[Available records]
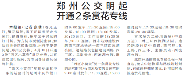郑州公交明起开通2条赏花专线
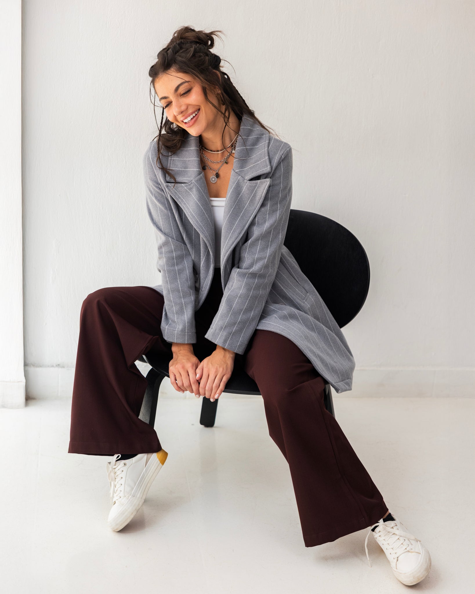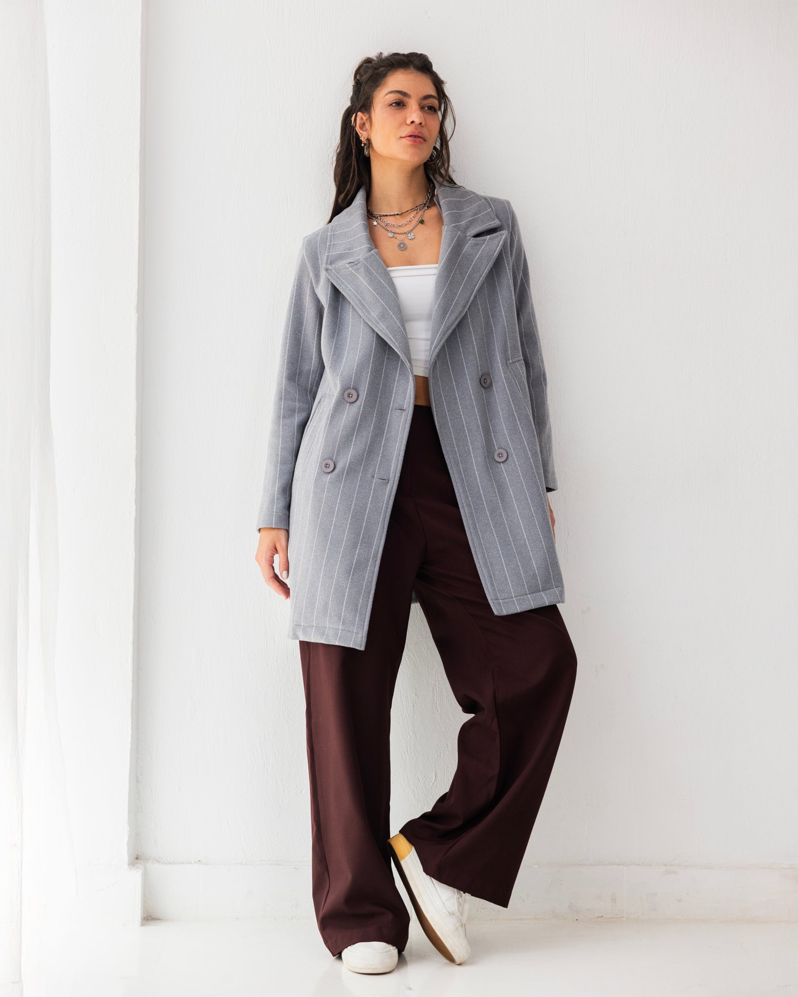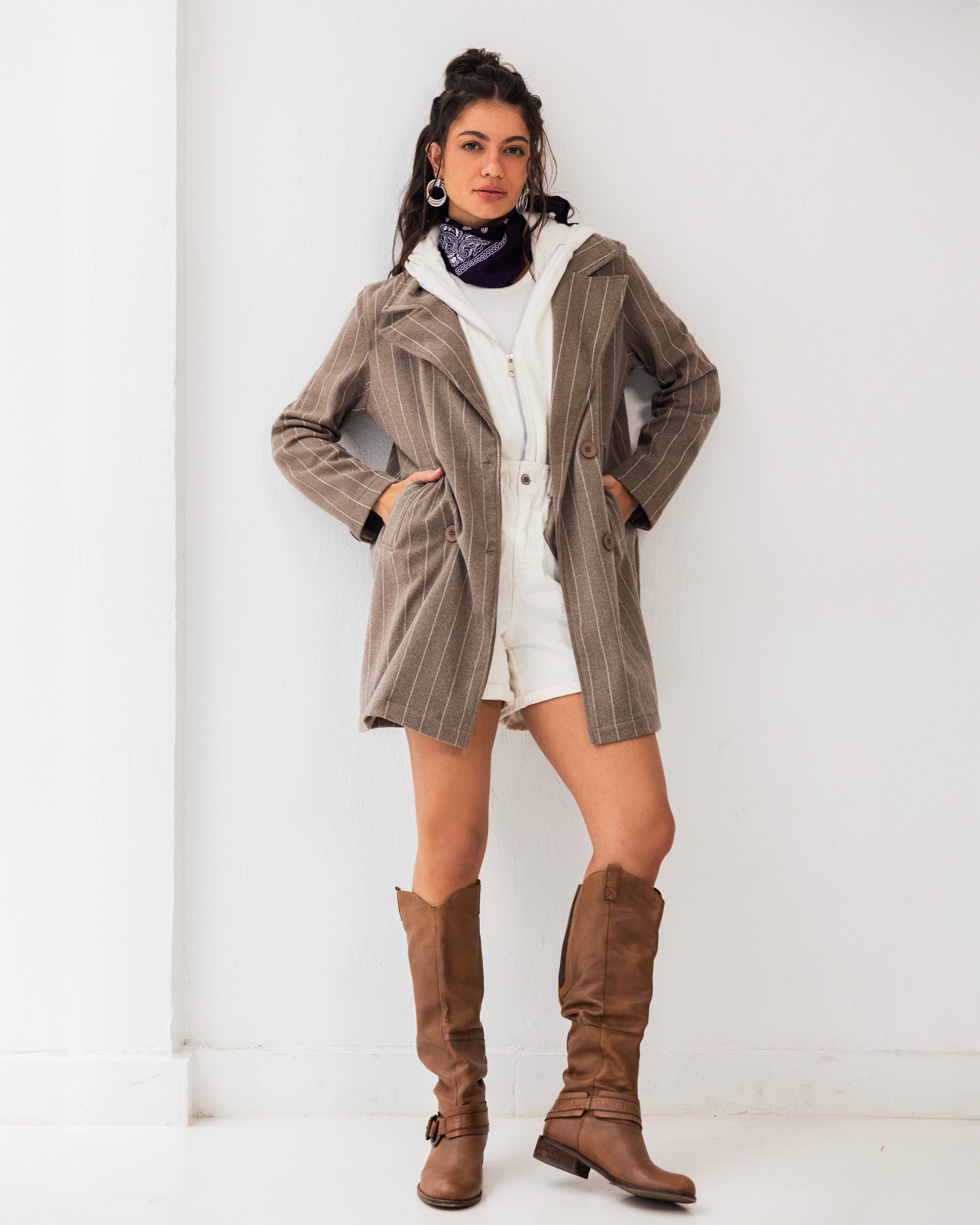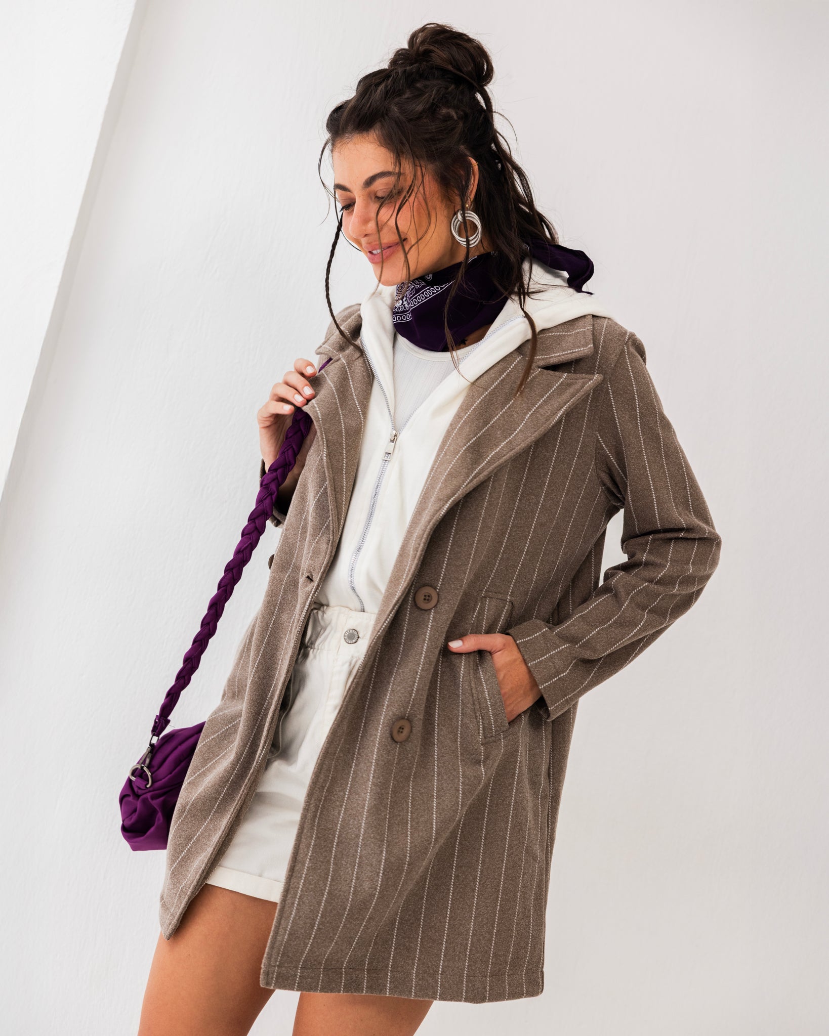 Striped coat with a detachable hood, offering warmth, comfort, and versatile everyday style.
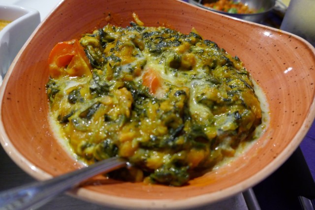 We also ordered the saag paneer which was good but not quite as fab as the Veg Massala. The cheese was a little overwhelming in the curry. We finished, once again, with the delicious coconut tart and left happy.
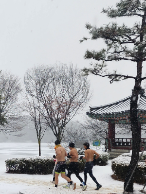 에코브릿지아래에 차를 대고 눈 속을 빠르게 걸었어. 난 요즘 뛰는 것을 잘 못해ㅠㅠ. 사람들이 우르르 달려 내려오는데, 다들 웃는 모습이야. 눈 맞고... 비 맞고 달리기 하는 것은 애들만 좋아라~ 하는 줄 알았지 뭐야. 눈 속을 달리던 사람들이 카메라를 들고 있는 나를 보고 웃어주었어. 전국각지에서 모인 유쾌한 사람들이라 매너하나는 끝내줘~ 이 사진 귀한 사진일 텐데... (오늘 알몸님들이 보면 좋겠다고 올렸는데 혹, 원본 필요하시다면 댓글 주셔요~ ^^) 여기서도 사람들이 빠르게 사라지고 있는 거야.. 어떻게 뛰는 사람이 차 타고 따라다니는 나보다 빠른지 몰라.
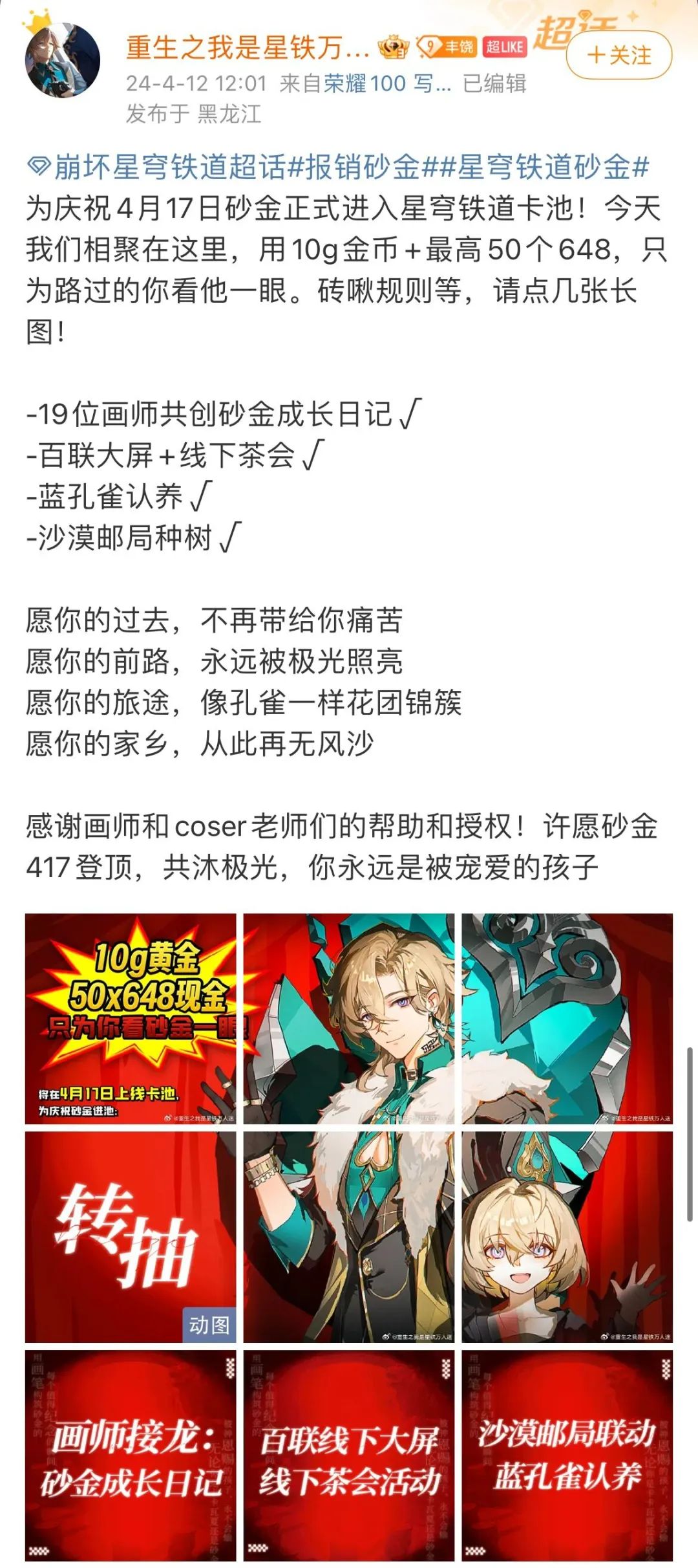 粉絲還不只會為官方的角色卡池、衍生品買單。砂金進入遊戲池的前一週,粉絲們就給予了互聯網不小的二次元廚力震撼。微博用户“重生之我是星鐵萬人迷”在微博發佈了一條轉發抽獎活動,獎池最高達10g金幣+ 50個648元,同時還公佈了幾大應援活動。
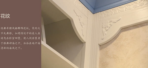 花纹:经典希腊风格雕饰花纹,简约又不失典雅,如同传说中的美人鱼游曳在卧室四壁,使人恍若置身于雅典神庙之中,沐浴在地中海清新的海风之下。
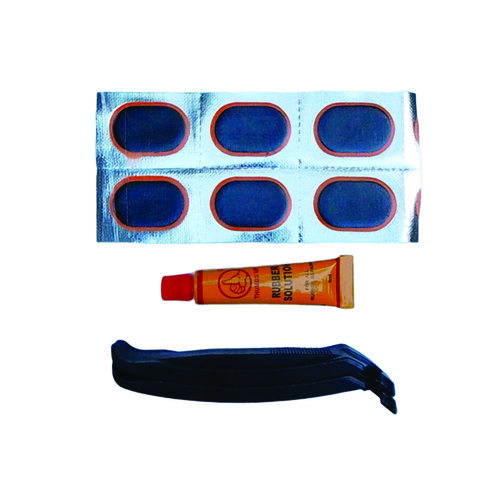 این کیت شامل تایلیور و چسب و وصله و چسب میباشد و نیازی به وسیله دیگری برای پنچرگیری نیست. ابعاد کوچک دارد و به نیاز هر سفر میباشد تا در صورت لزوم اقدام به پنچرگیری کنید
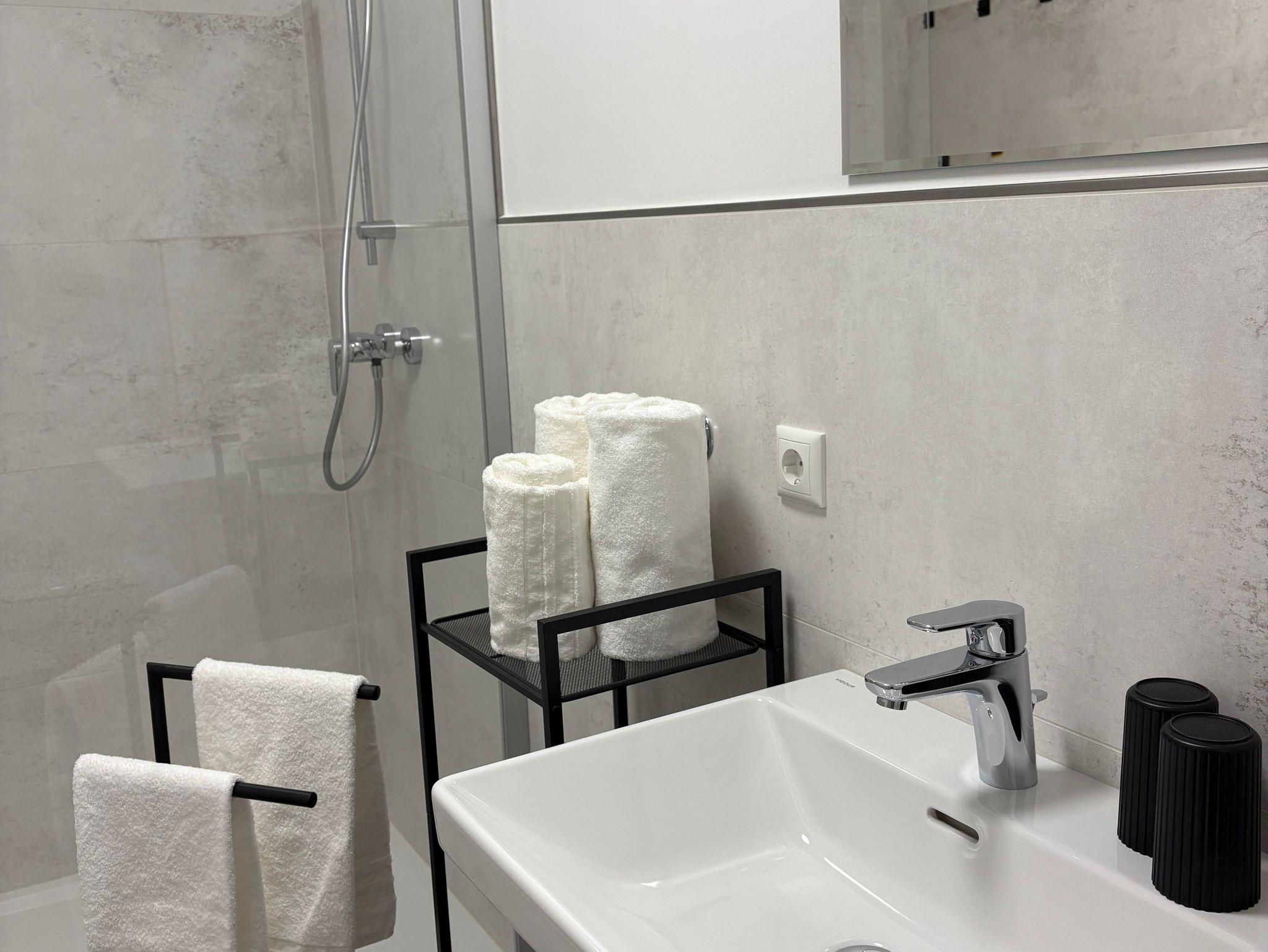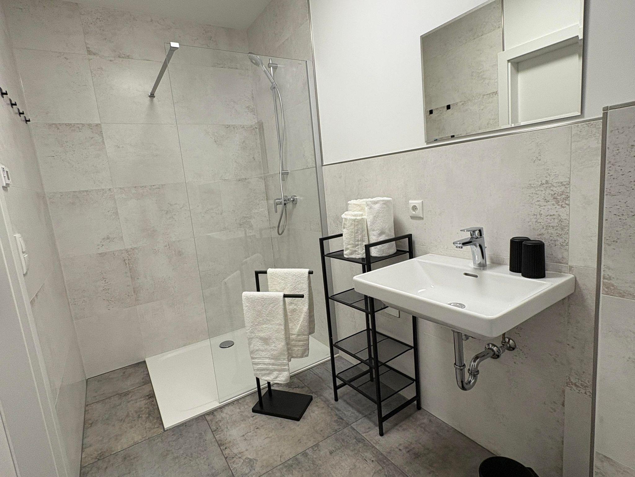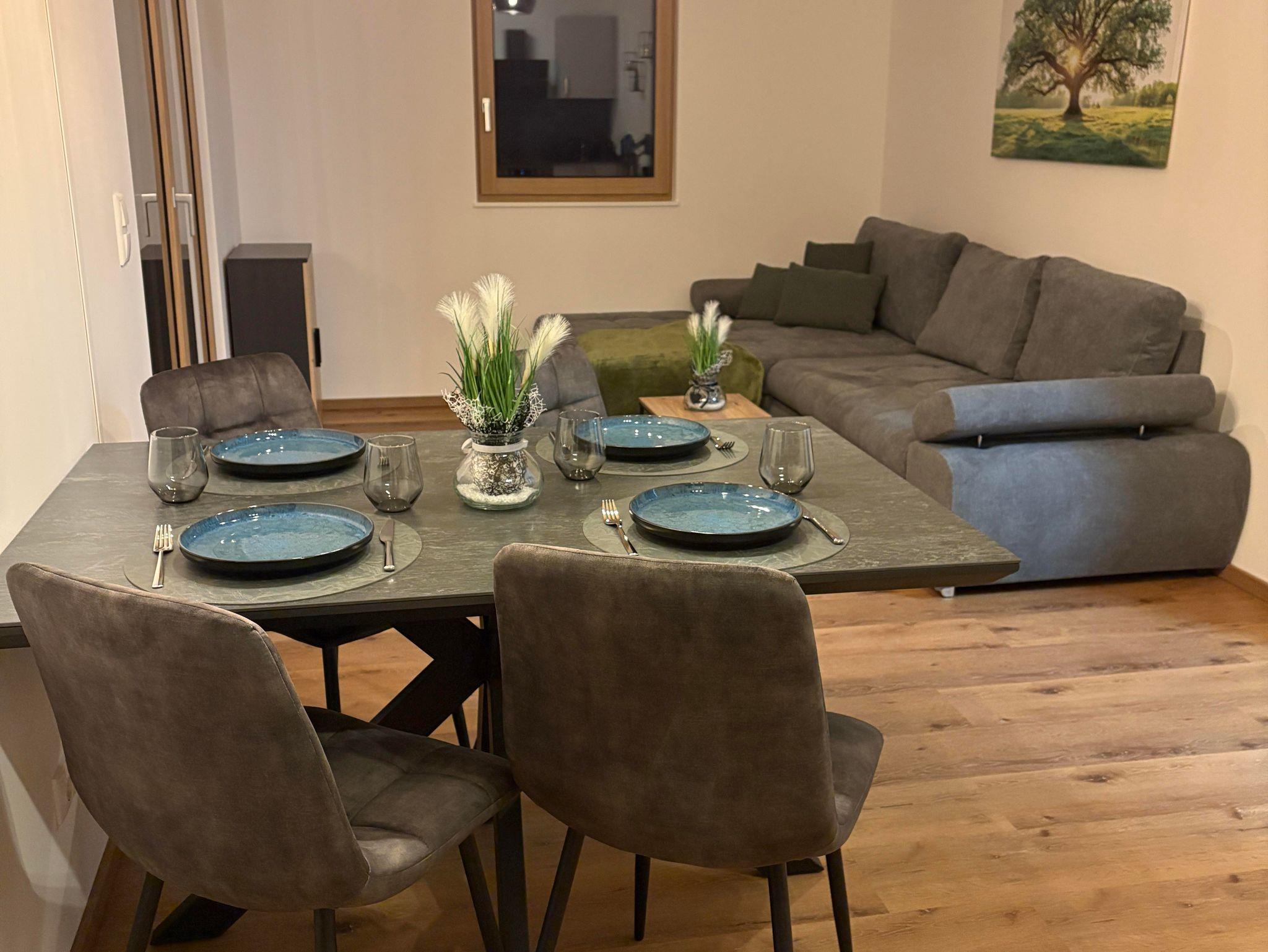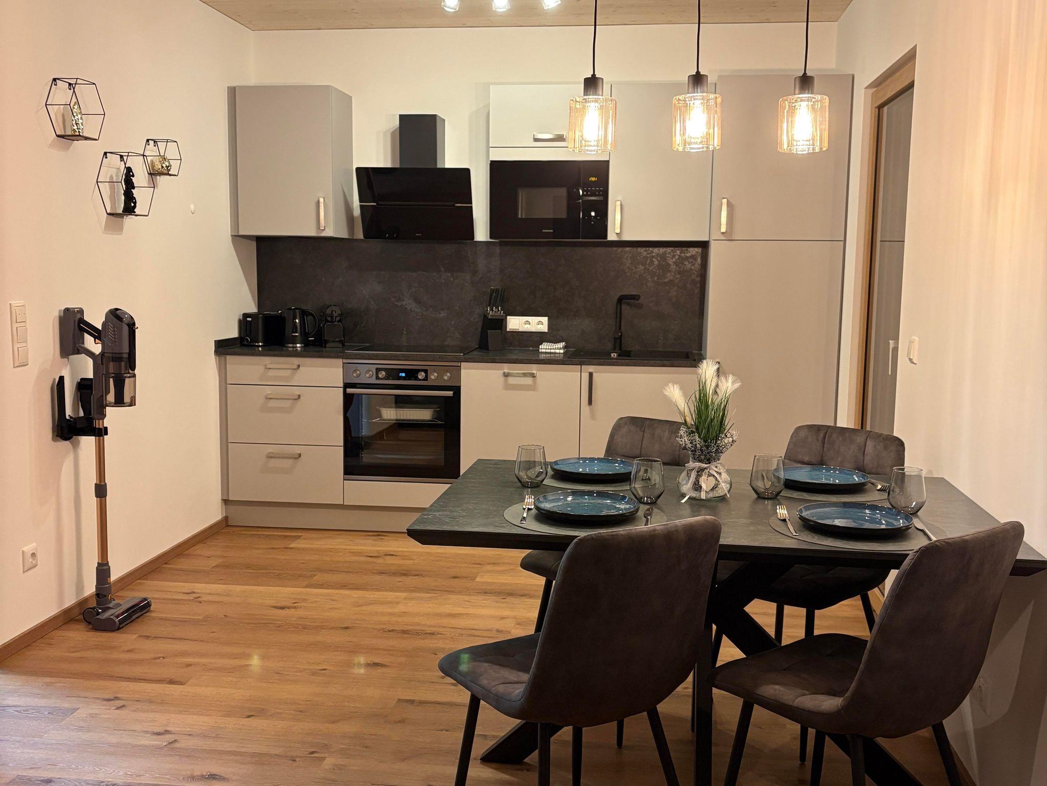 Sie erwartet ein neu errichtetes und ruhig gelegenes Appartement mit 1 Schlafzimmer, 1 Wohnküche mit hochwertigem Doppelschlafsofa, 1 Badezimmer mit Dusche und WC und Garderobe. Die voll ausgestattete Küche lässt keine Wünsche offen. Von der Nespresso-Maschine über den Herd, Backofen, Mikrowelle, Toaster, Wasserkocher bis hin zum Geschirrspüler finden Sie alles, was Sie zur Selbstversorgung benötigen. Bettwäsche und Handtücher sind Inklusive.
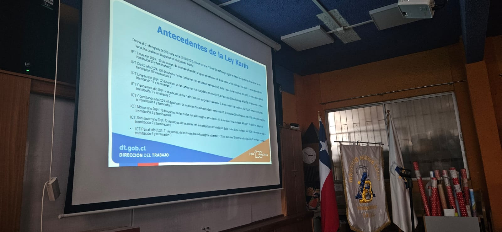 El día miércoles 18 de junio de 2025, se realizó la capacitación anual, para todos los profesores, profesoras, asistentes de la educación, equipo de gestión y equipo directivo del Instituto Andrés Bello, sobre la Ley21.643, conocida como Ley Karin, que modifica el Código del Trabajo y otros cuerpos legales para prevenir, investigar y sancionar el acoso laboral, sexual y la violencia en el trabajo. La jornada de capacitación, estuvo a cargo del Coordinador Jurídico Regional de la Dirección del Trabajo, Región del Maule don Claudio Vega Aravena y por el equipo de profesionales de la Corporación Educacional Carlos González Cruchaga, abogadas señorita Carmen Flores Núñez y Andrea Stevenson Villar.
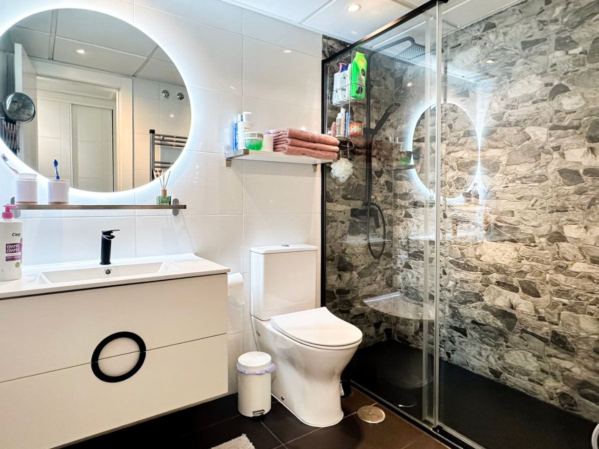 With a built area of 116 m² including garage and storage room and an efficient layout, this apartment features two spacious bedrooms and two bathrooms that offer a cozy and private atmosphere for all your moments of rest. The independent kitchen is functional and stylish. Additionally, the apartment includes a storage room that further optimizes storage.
[/Available records]
▶ _Problem description_: Please return, exactly as written, the lines from the first line of the records above through the line containing "Sie erwartet ein", both included, leaving out any pictures.

▶ _Answer to the problem_:
郑州公交明起开通2条赏花专线
 Striped coat with a detachable hood, offering warmth, comfort, and versatile everyday style.
 We also ordered the saag paneer which was good but not quite as fab as the Veg Massala. The cheese was a little overwhelming in the curry. We finished, once again, with the delicious coconut tart and left happy.
 에코브릿지아래에 차를 대고 눈 속을 빠르게 걸었어. 난 요즘 뛰는 것을 잘 못해ㅠㅠ. 사람들이 우르르 달려 내려오는데, 다들 웃는 모습이야. 눈 맞고... 비 맞고 달리기 하는 것은 애들만 좋아라~ 하는 줄 알았지 뭐야. 눈 속을 달리던 사람들이 카메라를 들고 있는 나를 보고 웃어주었어. 전국각지에서 모인 유쾌한 사람들이라 매너하나는 끝내줘~ 이 사진 귀한 사진일 텐데... (오늘 알몸님들이 보면 좋겠다고 올렸는데 혹, 원본 필요하시다면 댓글 주셔요~ ^^) 여기서도 사람들이 빠르게 사라지고 있는 거야.. 어떻게 뛰는 사람이 차 타고 따라다니는 나보다 빠른지 몰라.
 粉絲還不只會為官方的角色卡池、衍生品買單。砂金進入遊戲池的前一週,粉絲們就給予了互聯網不小的二次元廚力震撼。微博用户“重生之我是星鐵萬人迷”在微博發佈了一條轉發抽獎活動,獎池最高達10g金幣+ 50個648元,同時還公佈了幾大應援活動。
 花纹:经典希腊风格雕饰花纹,简约又不失典雅,如同传说中的美人鱼游曳在卧室四壁,使人恍若置身于雅典神庙之中,沐浴在地中海清新的海风之下。
 این کیت شامل تایلیور و چسب و وصله و چسب میباشد و نیازی به وسیله دیگری برای پنچرگیری نیست. ابعاد کوچک دارد و به نیاز هر سفر میباشد تا در صورت لزوم اقدام به پنچرگیری کنید
 Sie erwartet ein neu errichtetes und ruhig gelegenes Appartement mit 1 Schlafzimmer, 1 Wohnküche mit hochwertigem Doppelschlafsofa, 1 Badezimmer mit Dusche und WC und Garderobe. Die voll ausgestattete Küche lässt keine Wünsche offen. Von der Nespresso-Maschine über den Herd, Backofen, Mikrowelle, Toaster, Wasserkocher bis hin zum Geschirrspüler finden Sie alles, was Sie zur Selbstversorgung benötigen. Bettwäsche und Handtücher sind Inklusive.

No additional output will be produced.